Fitting 5 folds for each of 12 candidates, totalling 60 fits


[Parallel(n_jobs=1)]: Using backend SequentialBackend with 1 concurrent workers.
[Parallel(n_jobs=1)]: Done  60 out of  60 | elapsed:   57.9s finished


Best cross validation score: 0.9507999999999999
Best parameters to use: {'tfidf__max_features': 11300, 'tfidf__ngram_range': (1, 2), 'tfidf__stop_words': ['eli5']}
Testing score: 0.9528


## Confusion Matrix

In [153]:
# Get predictions for confusion matrix
predictions = gs.predict(X_test)
predictions

array([0, 1, 0, ..., 0, 0, 1])

In [154]:
tn, fp, fn, tp = confusion_matrix(y_test, predictions).ravel()

In [155]:
# Calculating sensitivity
tn / (tn + fp)

0.9992019154030327

In [1]:
# code taken from NLP II lesson
plot_confusion_matrix(gs, X_test, y_test, cmap='Greens', values_format='d');

NameError: name 'plt' is not defined

## In conclusion:

Bringing in `selftext` and using a `PorterStemmer` made a huge big difference in testing scores.
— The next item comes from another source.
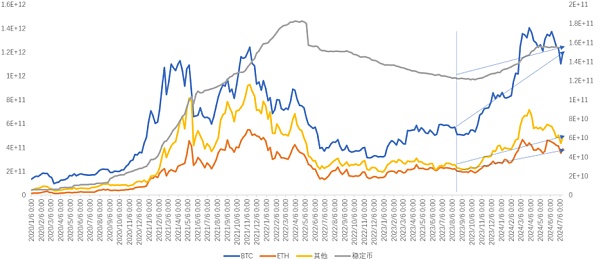 五、上述token的表現很符合我們之前講的蓄水池模型,流動性是逐級遞減。Ethereum這半年表現不如Bitcoin的點在于:

Best parameters for `CountVectorizer` and `LogisticRegression` with a `PorterStemmer` are:

- `cvec__max_features`: `10000`
- `stop_words`: `stop_words` list
- `cvec__ngram_range`: `(1, 1)`

yielding a training score of 0.9888 and a **testing score** of **0.9892**

Best parameters for `TfidfVectorizer` and `MultinomialNB` are:

- `tfidf__stop_words`:  `['eli5']`
- `tfidf__max_features`:  `11300`
- `tfidf__ngram_range`:  `(1, 2)`

yielding a training score of 0.9508 and a **testing score** of **0.9528**.